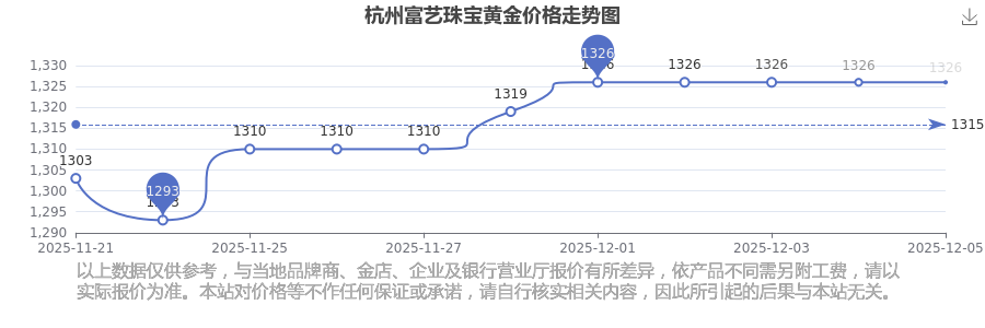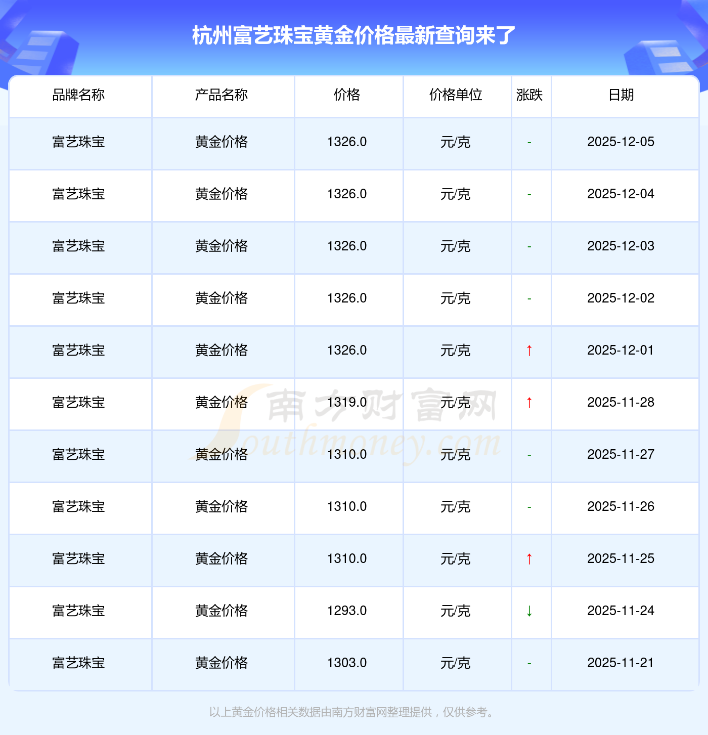 今日杭州富藝珠寶黃金價格最新為:1326.0元/克。
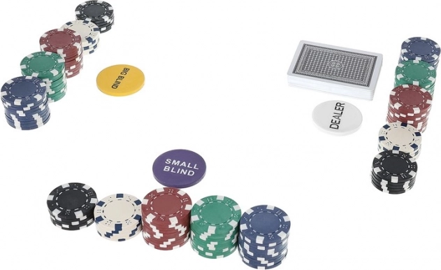 Rinkinyje taip pat yra funkciniai žetonai DEALER, SMALL BLIND ir BIG BLIND aiškiai žaidimo organizacijai, 2× 54 kortos sklandžiai kaladžių rotacijai ir 5 kauliukai papildomam stalo pramogų pasirinkimui. Rinkinys idealiai tinka namų žaidimų kambariams, vakarėliams ir draugiškiems turnyrams.
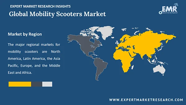 The major regional markets for mobility scooters are North America, Latin America, the Asia Pacific, Europe, and the Middle East and Africa.
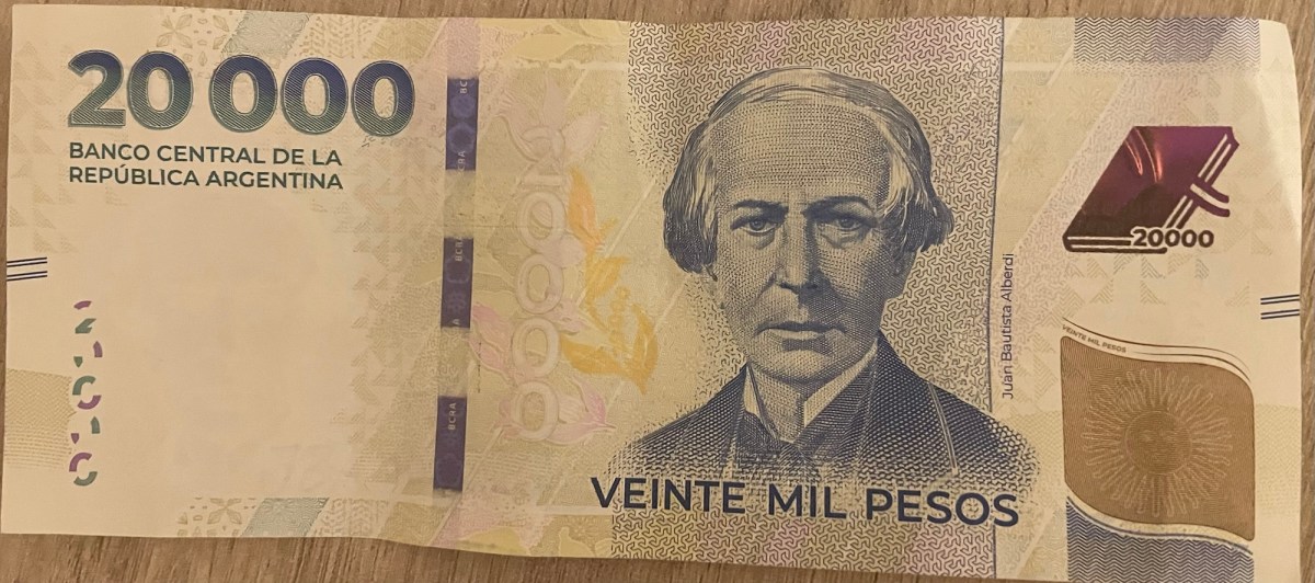In questi giorni, un peso argentino si scambia a circa 0,00065 euro. Per fare i conti, dividevo mentalmente l’importo per mille e poi calcolavo circa il 70%. Risultato: una banconota da 20.000 pesos vale sui tredici, quattordici euro.

___

Your task:
Beginning with the line that contains "Rinkinyje taip pat" and ending with the last line of the data above, output those lines exactly and nothing more, without any pictures.

Exercise answer:
 Rinkinyje taip pat yra funkciniai žetonai DEALER, SMALL BLIND ir BIG BLIND aiškiai žaidimo organizacijai, 2× 54 kortos sklandžiai kaladžių rotacijai ir 5 kauliukai papildomam stalo pramogų pasirinkimui. Rinkinys idealiai tinka namų žaidimų kambariams, vakarėliams ir draugiškiems turnyrams.
 The major regional markets for mobility scooters are North America, Latin America, the Asia Pacific, Europe, and the Middle East and Africa.
In questi giorni, un peso argentino si scambia a circa 0,00065 euro. Per fare i conti, dividevo mentalmente l’importo per mille e poi calcolavo circa il 70%. Risultato: una banconota da 20.000 pesos vale sui tredici, quattordici euro.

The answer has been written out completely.